Hendrik Hertzberg in The New Yorker:
Once the unpleasantness at Hiroshima and Nagasaki had had a little time to recede, America discovered that “the atom” wasn’t all bad. The bomb, yes—it was terrifying, as terrifying as a hundred 9/11s. American children got the wits scared out of them at school by being made to prepare for Armageddon by ducking, covering, and shutting their eyes tight lest the fireball melt them. Grownups were nervous, too, especially after 1949, when Stalin got his bomb. But in December of 1953 President Eisenhower went before the United Nations General Assembly to tell all mankind that the mushroom cloud had a silver lining. His plan, dubbed Atoms for Peace, promised “abundant electrical energy” for everyone.
Who could doubt that shining vision? Certainly not Lewis Strauss, Ike’s chairman of the Atomic Energy Commission, who predicted that nuclear technology would guarantee that “our children will enjoy in their homes electrical energy too cheap to meter.” Not Walt Disney, whose “Our Friend the Atom,” featuring a cartoon genie, entertained millions of schoolchildren fresh from ducking and covering.
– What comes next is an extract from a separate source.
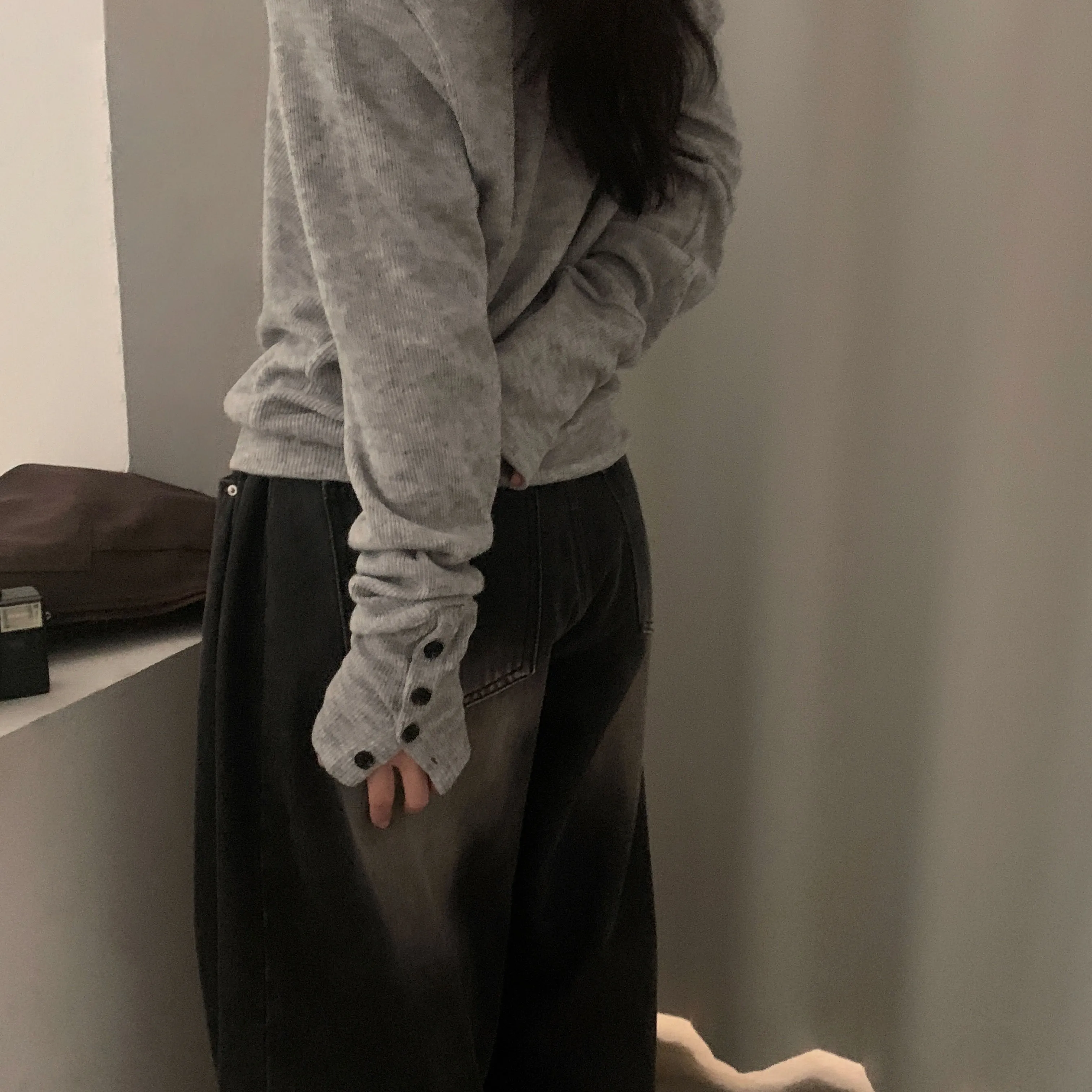 버튼을 열어서 입어도 트임 사이로 보이는 손목이 여리해보여요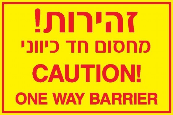 שלט PVC איכותי בעובי 2 מ"מ זהירות מחסום חד כיווני במידה 60 × 40 ס"מ. ניתן להזמין את כל סוגי השלטים בייצור אישי כולל מידות וסוגי חומרים.

More surprising, in light of subsequent developments, Students for a Democratic Society, the paradigmatic organization of the new student left, had no doubts, either. S.D.S.’s founding document, the Port Huron Statement, issued in 1962, fretted at length about the Bomb. But among its Rousseauian “blueprints of civic paradise” was this:/p>
Our monster cities, based historically on the need for mass labor, might now be humanized, broken into smaller communities, powered by nuclear energy, arranged according to community decision.
The happy consensus did not last long. It was already breaking down by the nineteen-seventies, and by the late eighties it was gone, obliterated by the accidents at Three Mile Island, Pennsylvania, in 1979 (where no one was killed), and at Chernobyl, Ukraine, in 1986 (which caused thousands of deaths).
More here.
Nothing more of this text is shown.